START MATERIAL PROVIDED

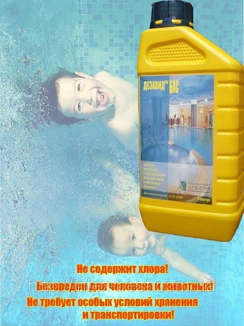 Ось вже довгий час основним продуктом для знезараження води всіх видів басейнів, згідно світовим стандартам, є хлор та хлорвмісні препарати. Безсумнівно, ефективні, однак далеко не ідеальні засоби, особливо з урахуванням їх негативного впливу на людський організм. Як відомо, до 1% внесеного хлору, вступаючи в реакцію з органікою, що знаходиться у воді, утворює небезпечні канцерогенні сполуки, що викликають алергії, подразнення шкіри і очей. Нещодавнє дослідження бельгійських вчених встановило, що леткі продукти взаємодії хлору з потом, що утворюються в басейнах, дуже шкідливі для легенів. У постійних відвідувачів — дітей і дорослих — були виміряні рівні певних білків у крові, службовців показником пошкодження легеневої тканини. Згідно з отриманими результатами, частота відвідування басейну безпосередньо пов'язана з рівнем цих білків. Причому у дітей, які регулярно відвідують басейн, результати аналізів були такими ж, як у завзятих курців. Підвищена концентрація цих білків була також виявлена у людей, які довгий час знаходяться біля води, але не плавали в басейні. Тому вже давно вчені всього світу з перемінним успіхом шукають можливості знайти безпечну заміну хлору та хлоровмісних препаратів для знезараження води, в тому числі і води плавальних басейнів. Тут ми не будемо детально розглядати нібито альтернативні методи знезараження, як УФ або озонування. По-перше, тому що обидва цих методу не є самодостатніми і, оскільки не забезпечують бактеріальну стійкість води, ефективні лише як елемент комплексної дезінфекції з обов'язковою присутністю «на хвості» хлорсодержащего кошти. По-друге, в силу ряду технологічних недоліків, типу низької стабільності молекул озону, високої енергоємності та ін. І по-третє, обидва методу аппаратны, тобто спираються на недешеву і складну основну, допоміжну і контрольну апаратуру, а вона, трапляється, і нерідко, виходить з ладу, що може призвести або зупинкою для профілактичних або ремонтних робіт, наприклад, для заміни перегорілих бактерицидних ламп або постійної чистки захисних колб і внутрішніх поверхонь блоку знезараженні у випадку з УФ-методом, або небезпекою, погрожуючи, наприклад, передозуванням в разі поломки деструктора залишкового газоподібного озону та ін. Єдиний плюс обох методів — зниження на 20-40% частки хлорвмісних препаратів, що використовуються в технологічній зв'язці з ними. Тому поговоримо про пошуках більш простого, економічного і ефективного способу повного виключення хлорвмісних препаратів з процесу дезінфекції води при одночасному підвищенні її якості у порівнянні з обробкою її хлором, озоном та/або УФ-методом. Основним компонентом «ДЕЗАВИДТМ-БАС» є синтетичний бактерицидний поліелектроліт на основі гуанидиновых сполук, що викликає загибель грам-позитивних і грам-негативних бактерій. Ці, широко поширені в природі сполуки, вже давно застосовуються в якості фізіологічно активних речовин: ліків, антисептиків, пестицидів. У 1986 році у США був зареєстрований препарат для знезараження води плавальних басейнів – Baquicil, який не отримав широкого поширення з причини високої вартості через надто великої частки (20%) використовуваного дорогого бігуанідіна, що становить його основу. В даний час в Росії розроблений спосіб отримання більш дешевого синтетичного органічного пол
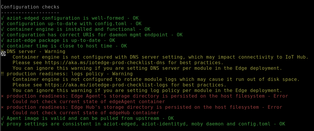 可以预期一系列响应可能包括 “确定 ”(绿色)、 警告 (黄色)或 “错误 ”(红色)。 有关排查常见错误的信息,请参阅 Azure IoT Edge 常见问题的解决方案。
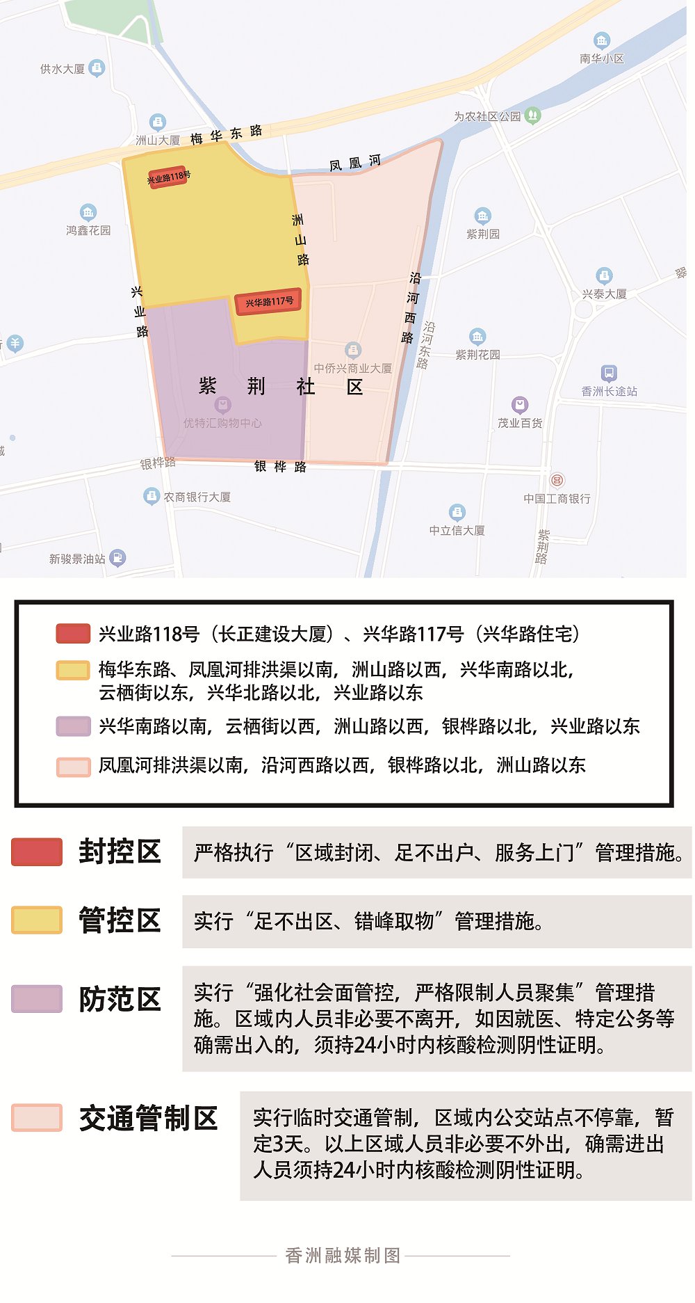 对凤凰河排洪渠以南,沿河西路以西,银桦路以北,洲山路以东,进行临时交通管制,区域内公交站点不停靠,暂定3天。以上区域人员非必要不外出,确需进出人员须持24小时内核酸检测阴性证明。

END MATERIAL PROVIDED

EXERCISE OBJECTIVE: Please transcribe the lines from the one containing "IoT Edge 常见问题的解决方案。" to the last line of the listing, both included, exactly and with nothing added, leaving every picture out.

YOUR RESPONSE:
 可以预期一系列响应可能包括 “确定 ”(绿色)、 警告 (黄色)或 “错误 ”(红色)。 有关排查常见错误的信息,请参阅 Azure IoT Edge 常见问题的解决方案。
 对凤凰河排洪渠以南,沿河西路以西,银桦路以北,洲山路以东,进行临时交通管制,区域内公交站点不停靠,暂定3天。以上区域人员非必要不外出,确需进出人员须持24小时内核酸检测阴性证明。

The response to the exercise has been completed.